People who don’t have a disabled child may not understand how difficult it can be. Quite apart from any practical problems, which can sometimes be overwhelming, the mother (or father) will probably have many sadnesses and fears to contend with. We live in a world that is obsessed with bodily perfection and where children who are peculiar are teased and bullied mercilessly.
Then there are feelings that are not allowed to be named – in a hypocritical culture where the expression of feeling is usually compulsory – and shame is one of them. Commentators spoke disdainfully of Hill’s alleged feelings of shame about her disabled child and pointed out (inconsistently) that Naomi was only mildly disabled anyway – would shame have been okay if she’d been severely disabled?
Having grown up close to such questions, I’ve come to realise that shame is not only natural but understandable. One feels at a deep level like a failure as a mother or father. Men often feel this much more strongly than mothers and don’t want to be associated with a damaged child. Well-adjusted people are able to put this shame behind them and I think it’s a mark of a good person in a civilised society that she or he can do so. But it may be difficult. A poorly adjusted person may find it impossible.

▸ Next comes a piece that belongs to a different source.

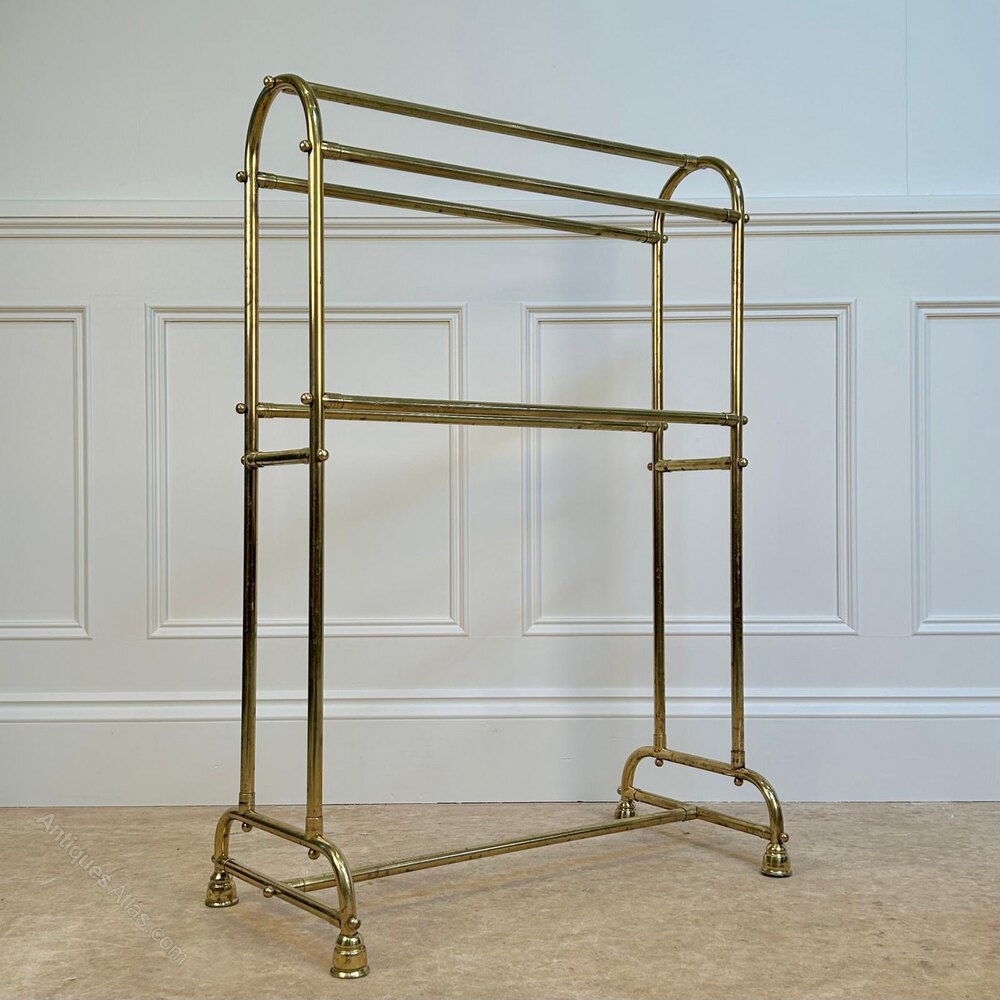 A rare 19th century brass towel rail in superb original condition throughout. Retaining the original lacquered finish, showing the perfect amount of wear. Circa 1880.

Hill has had a history of marked mental illness since the age of 17 and suffered serious postnatal depression after Naomi’s birth: she was a heavy drinker and clearly a problem person with a failing marriage. She knew she was not proving a good mother, so clearly that she asked for her child to be adopted. That is highly unusual; she could hardly have sent out a clearer signal of alarm. It was ignored.

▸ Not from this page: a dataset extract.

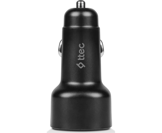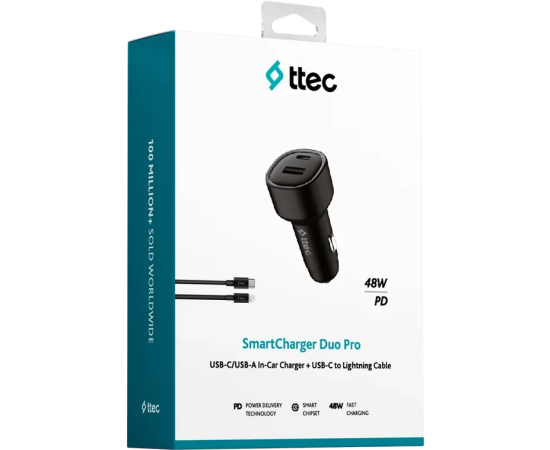 TTEC SmartCharger Duo PD 48W Vehicle Fast Charger USB-C+USB-A With USB-C-Lightning Cable - Black
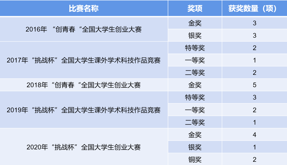 “十三五”期间我校“挑战杯”赛事所获奖项

None of this makes her innocent of murder, but it is ground for some compassion and understanding rather than righteous indignation. I suspect the indignation comes from an unwillingness – an inability – to confront the inescapable harshness of disability and the painful truth that it is indeed a burden.
As for the preposterous Warnock, there is little reason and still less incentive to try to defend her. In fairness, however, she has said such things before and her comments to the Scottish magazine were mostly taken out of context.
It is silly of her to talk of a duty to die. It shows her seigneurial indifference to what most people feel and to what the media will pick up. She seems to have no idea of what someone in her position can and cannot say, or that the public arena is not a philosophy seminar. However, the phrase comes, as she explained in the interview, from the title of an essay she has written for a Norwegian periodical, entitled A Duty to Die?. And it has a question mark.
The question mark is the point. Nobody has a duty to die unless he or she independently thinks so. It is wrong to suggest it to anyone and to frighten people with the thought. Yet men and women struggling with the miseries of looking after old people with dementia at home can surely be forgiven for wishing, sometimes, that they would die. And some people, facing dementia, might indeed feel it would be better if they did die before the misery – or some other horror – set in.
I think they should have the right to die, with help if necessary. But it can never be a duty, and to use the word “duty” suggests to anyone who hadn’t already come to the same conclusion that Warnock is unfit for purpose and indeed something of a burden on the public mind and purse.
Fortunately for her, and despite her efforts, it is not her duty to hasten to join the choirs invisible; nor is it anyone’s right to send her there, whatever the temptation.